Saleh explicitly ruled out any possibility of raising the national currency’s value through abrupt, short-term administrative decrees, stating that sustainable monetary strength relies on deep structural overhauls rather than quick political fixes.
According to Saleh, the current government strategy has successfully stabilized market prices for consumer goods by channeling import financing through official banking systems, backed heavily by the state’s foreign currency reserves. This monetary control has been further reinforced by the physical expansion of modern, state-backed cooperative grocery networks and advanced marketing frameworks. These parallel commercial steps have significantly diminished the influence of the informal shadow exchange market on the domestic pricing system, helping cap inflationary pressures.
However, the financial advisor issued a stark warning regarding active macroeconomic variables putting downward pressure on the dinar. Chief among these threats are rigid geopolitical constraints imposed on global energy markets, escalating regional conflicts, and the resulting volatility in foreign currency inflows and overall economic confidence. Saleh noted that an over-reliance on volatile crude oil revenues, unchecked monetary expansion, and any future drops in official reserves pose direct risks to the country’s fiscal health.
To permanently secure the currency, Saleh emphasized that the government is actively working on a long-term economic transition plan.
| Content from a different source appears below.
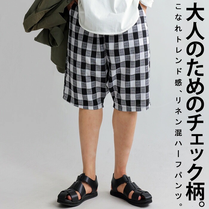 【検索ワード】ハーフパンツ パンツ メンズ ボトムス ひざ丈 チェック柄 柄パンツ 柄 セットアップ 総柄 半パン 短パン ショートパンツ ショート丈 ナチュラル シンプル リネン混 ゆったり ポケット付き 前フラット 後ろゴム ユニセックス 男性 男 かっこいい カッコイイ カジュアル antiqua treecafe アンティカ ツリーカフェ メンズファッション トレンド コーディネート 通販 ブランド 春 夏 あんてぃか

This framework focuses on aggressively building up foreign exchange reserves, diversifying national income streams away from oil dependence, and stabilizing the country’s balance of payments.
Furthermore, the administration’s roadmap relies heavily on accelerating commercial banking sector reforms, rapidly expanding digital and electronic payment tools, and widening national financial inclusion to systematically dismantle the parallel market’s leverage over the national economy.